On the downside, bifurcation can unwittingly add complexity to the arbitral process by requiring the parties to navigate multiple phases or tracks of the case. This can be especially challenging for the parties who are not familiar with arbitration or who lack the resources to effectively navigate the bifurcated process.

 

Moreover, bifurcation can at times increase the cost of the arbitration by requiring additional hearings and discovery of each phase or track of the case.

 

Additionally, it can also delay the resolution of the case by adding additional phases or tracks to the arbitration process. Bifurcation can also create the risk of inconsistent results if the same issues are addressed differently in each phase or track of the case. This can cause confusion and undermine the credibility of the arbitration process.

 

Bifurcation fosters efficiency by helping to streamline the arbitral process and allows the parties to focus on the key issues in the dispute potentially saving time and costs. By breaking down the complex issues into smaller, more manageable issues, it can help the parties who may be overwhelmed by the complexity of the dispute.

 

Procedure to be followed when requesting for Bifurcation

Once a party to an arbitration has decided that they want to bifurcate the proceedings, they can proceed to request for bifurcation. In the vast majority of cases, the request for bifurcation of jurisdictional issues is filed by the respondents and to a lesser extent by the claimants or by both parties as per their agreement.

 

Firstly, the party that seeks to bifurcate the arbitral proceedings makes a request for bifurcation in accordance with the rules of the arbitration agreement or the arbitration institution administering the proceedings.

 

Secondly, the other party has the opportunity to respond to the re- quest typically within a specified time period. After the response by the other party, the tribunal may hold a preliminary hearing to deter- mine whether bifurcation is appropriate, taking into account factors such as complexity of the issues, the potential for cost savings, and the impact on the overall duration of the arbitration.

 

If the tribunal decides that bifurcation is appropriate, it will issue a procedural order setting out the issues to be heard separately and the schedule for the separate hearings. After hearing the separate issues, the tribunal will provide its decision on those issues before proceeding to the main dispute.

 

Assessment by the Arbitral Tribunal

Although the power to bifurcate proceedings is an exercise of the arbitral tribunals’ discretion, case law has generated a number of conditions to be met for tribunals to consider whether bifurcation is warranted.
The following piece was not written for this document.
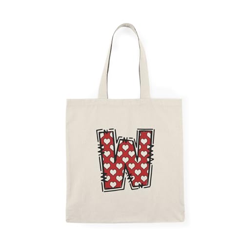 Generic - Tote Bag – شنطة قماش بسحاب - تصميم حرف W المزين بالقلوب - تصميم مخصص للهدايا الشخصية والأسماء لهدايا عيد الحب – حقيبة واسعة وخفيفة للتسوق اليومية – حقيبة عملية صديقة للبيئة وقابلة لإعادة الاستخدام

Some arbitral tribunals have relied on the following conditions set out in the Glamis Gold vs. USA case (Glamis Gold Ltd. v The United States of America, Procedural Order No. 2 (Revised), 31 May 2005:

 

  •  whether the objection is substantial in as much as the preliminary consideration of a frivolous objection to jurisdiction is very unlikely to reduce the costs of, or time required for, the proceeding
  • whether the objection to jurisdiction if granted results in a material reduction of the proceedings at the next phase
  • whether bifurcation is impractical in that the jurisdictional issue identified is so intertwined with the merits that it is very unlikely that there will be any savings in time or cost

 

Other tribunals, however, have ruled that they should not be placed in the “strait-jacket” of considering the issue of bifurcation solely through the lens of the Glamis Goldcriteria as they do not form a “stand-alone test”.

 

Conclusion

In light of the above discussion, the most important factor to be considered by a tribunal in determining whether to bifurcate or not, is the likelihood of success on the merits of the bifurcated issue. Unless a party can demonstrate to the satisfaction of the tribunal that it has a significant likelihood of success on the merits of the bifurcated issue, then bifurcation should not be ordered. In summary, while bifurcation can offer certain benefits in arbitration proceedings, it also carries potential drawbacks and risks, which the parties should equally consider. Parties should also consider the potential costs and benefits of bifurcation before agreeing to it as a strategy for resolving their dispute.